KUALA LUMPUR, 6 March 2020 – Growth across Asia-Pacific will slow to 4.0% in 2020, the lowest since the Global Financial Crisis, due to the Covid-19 outbreak, according to S&P Global Ratings.
In a report by S&P titled “COVID-19 Now Threatens More Damage To Asia-Pacific”, they stated that a U-shaped recovery should start later in 2020 but the overall economic damage by then is very likely to reach US$211 billion.
S&P said Asia-Pacific’s outlook has darkened mainly due to the global spread of the new virus.
S&P Asia-Pacific chief economist Shaun Roache said household spending in Japan and Korea are set to weaken further and slower growth in the U.S. and Europe will add to external headwinds.
“China’s return to work is proceeding at a glacial pace as local officials remain cautious about a renewed upturn in infections.”
Shaun Roache, S&P Asia-Pacific chief economist
Roache said the coronavirus epidemic is not expected to inflict permanent damage on the labor force or the capital stock.
He explained that this means the region’s economies should be employing as many people and producing as much output by the end of 2021 as they would have done in the absence of the virus.
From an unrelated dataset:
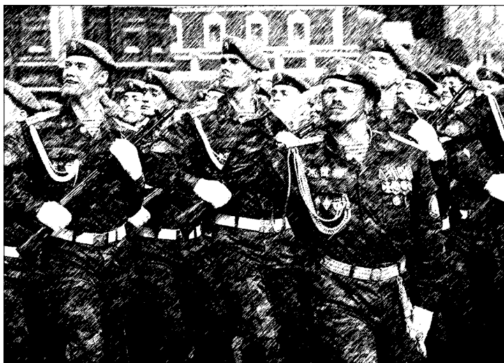
Десантники в парадном строю на Красной площади

«Стремясь к тому, чтобы наше Отечество никогда и никем не было бы унижено и чтобы имя русского всегда стояло «честно и грозно», мы должны пожелать, чтобы всегда у нас была сильная армия и чтобы граждане были проникнуты чувством патриотизма, а потому и любили свое войско, со всеми его достоинствами, которые неоспоримы, и со всеми его недостатками, которые исправимы».

“Still, even a U-shaped recovery will mean a regional economic loss of about $211 billion that will weaken balance sheets. Some economic activities will be lost forever, especially for the service sector.”
Roache remarked that this loss will be distributed across the household, non-financial corporate, financial, and sovereign sectors.
The more that governments step in to cushion the blow with public resources, the more the burden will be shifted to the public sector, he stated.
S&P now expects China to grow at just 4.8% in 2020 before rebounding strongly by 6.6% in 2021.
“We make a very important assumption in our China forecast–that the government shows flexibility with the growth target and steps lighter on the stimulus gas pedal compared to past downturns.”
He added that the hardest-hit economies remain Hong Kong, Singapore, and Thailand where people flows and supply chain channels are large.
“It is no surprise that here we also see the most robust fiscal policy response which will cushion the blow but not sharp downturns. We expect Hong Kong’s economy to contract by -0.8% in 2020, Singapore’s to flat line, and Thailand’s expansion to slow to 1.6%,” he said.
S&P said Australia is also quite vulnerable, with growth in 2020 expected to touch 1.2%, by our new forecast, well below trend.
“Australia’s most-disrupted sectors employ a large share of workers which will weaken both the labor market and consumer confidence,” Roache said.
The article said local COVID-19 transmission in Japan and Korea adds a new, highly uncertain dimension to problems in these economies.
S&P said households are likely to respond to a greater risk of infection by avoiding public spaces, which will depress spending on discretionary goods and services.
“In Japan and Korea, we estimate that discretionary consumption accounts for about 25% of GDP. We now anticipate Japan’s economy will contract -0.4% and Korea’s growth to slow to 1.1%.”
Meanwhile, Asia’s emerging markets such as Indonesia, Malaysia, the Philippines, and India appear somewhat insulated, with less exposure to China and global supply chains.
Roache said however that the outlook could actually get worse very quickly for two possible reasons. If low reported cases are due, in part, to minimal testing, then the viral spread is still possible and could overwhelm weak healthcare infrastructure which will ultimately affect financial conditions to become tighten quickly.